Все эти тенденции, как можно было бы ожидать, подводили русскую литературу к новому этапу ее развития — к русскому Ренессансу.

ЛИТЕРАТУРА XVI В.

На рубеже XV-XVI вв. в русской литературе наступает решительный перелом. Те гуманистические тенденции, которые позволяли говорить об эпохе русского Предвозрождения XIV-XV вв., не получили дальнейшего развития. Начавшийся процесс освобождения литературы от регламентирующего влияния церкви и религиозных догм был насильственно прерван.

Этот перелом хорошо заметен при сопоставлении русской литературы XVI в. с литературами западных славян. На Руси из рукописного репертуара в XVI в. исчезают литературные памятники, в которых наиболее отчетливо проявлялись черты предвозрожденческой жанровой свободы — памятники, не имеющие какого-либо делового назначения. В списках XVI в. нам не известна ни «Сербская Александрия», ни басенный цикл, получивший на Руси именование «Стефанит и Ихнилат», ни «Повесть о Дракуле», ни «Повесть о Басарге», ни такие произведения более раннего периода, как «Повесть об Акире Премудром» или «Сказание об Индийском царстве».
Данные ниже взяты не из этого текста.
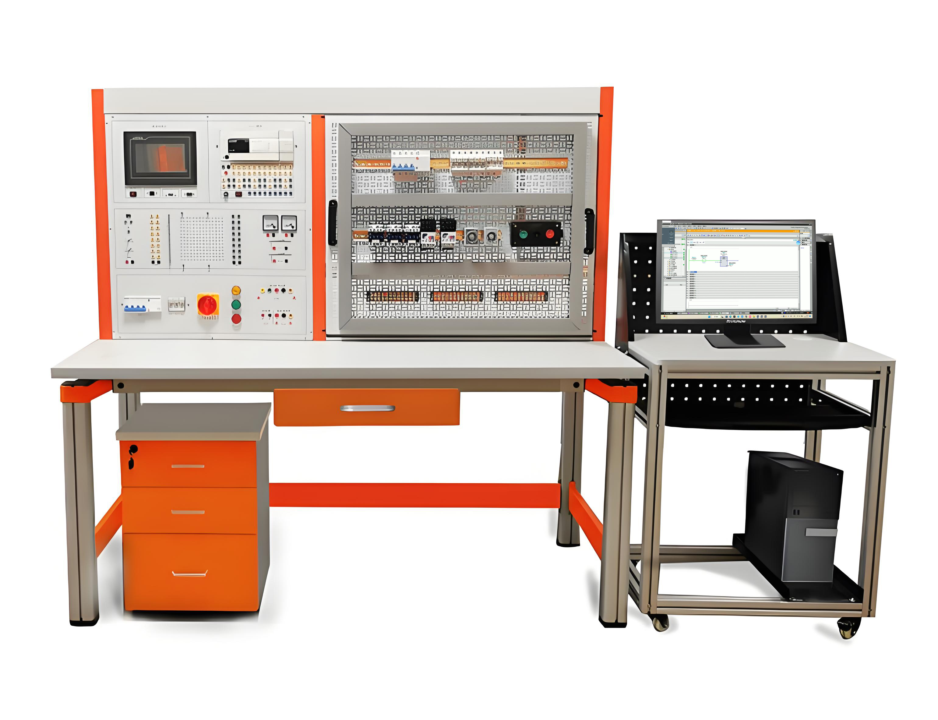 2、實訓桌:鋼木結構,桌面為防火耐磨材料制作,具有放置工具抽屜、鍵盤托、顯示器擱板。

Широкое распространение получают жития, хроники, исторические повести. Огромное значение приобретает в XVI в. публицистика. В публицистических сочинениях Ивана Грозного, Андрея Курбского, Ивана Пересветова поднимаются важнейшие проблемы государственного управления, взаимоотношений государя и подданных, церкви и великокняжеской или царской власти. В сочинениях церковных иерархов (Иосифа Волоцкого, Нила Сорского, митрополита Даниила) ведется полемика с еретиками, обличаются общественные пороки, ведутся споры по вопросам церковного быта и т, д. Расцвет публицистики в XVI в. совершенно естествен — это было время сложных процессов государственного строительства, напряженной идеологической борьбы. К решению этих важнейших общественных задач и были привлечены основные литературные силы. В этом одна из причин, почему литература вновь становится по преимуществу деловой. Но другая и, пожалуй, основная причина происшедших изменений в развитии литературы состоит в том, что влиятельные церковники не только беспощадно расправились с еретиками, а заодно и со всякого рода проявлением свободомыслия, но и объявили решительную борьбу светскому началу в литературе — «неполезным повестям», «глумам и смехам», «писаниям внешним». Церковь решительно требует, чтобы христиане не избегали «душеполезных повестей», «божественного писания». Эту идею регламентировать круг душеполезного чтения в наилучшей степени реализовал гигантский кодекс, созданный по инициативе новгородского архиепископа Макария (впоследствии митрополита), — «Великие минеи-четьи» — свод всех «святых книг», которые «обретаются» на Руси.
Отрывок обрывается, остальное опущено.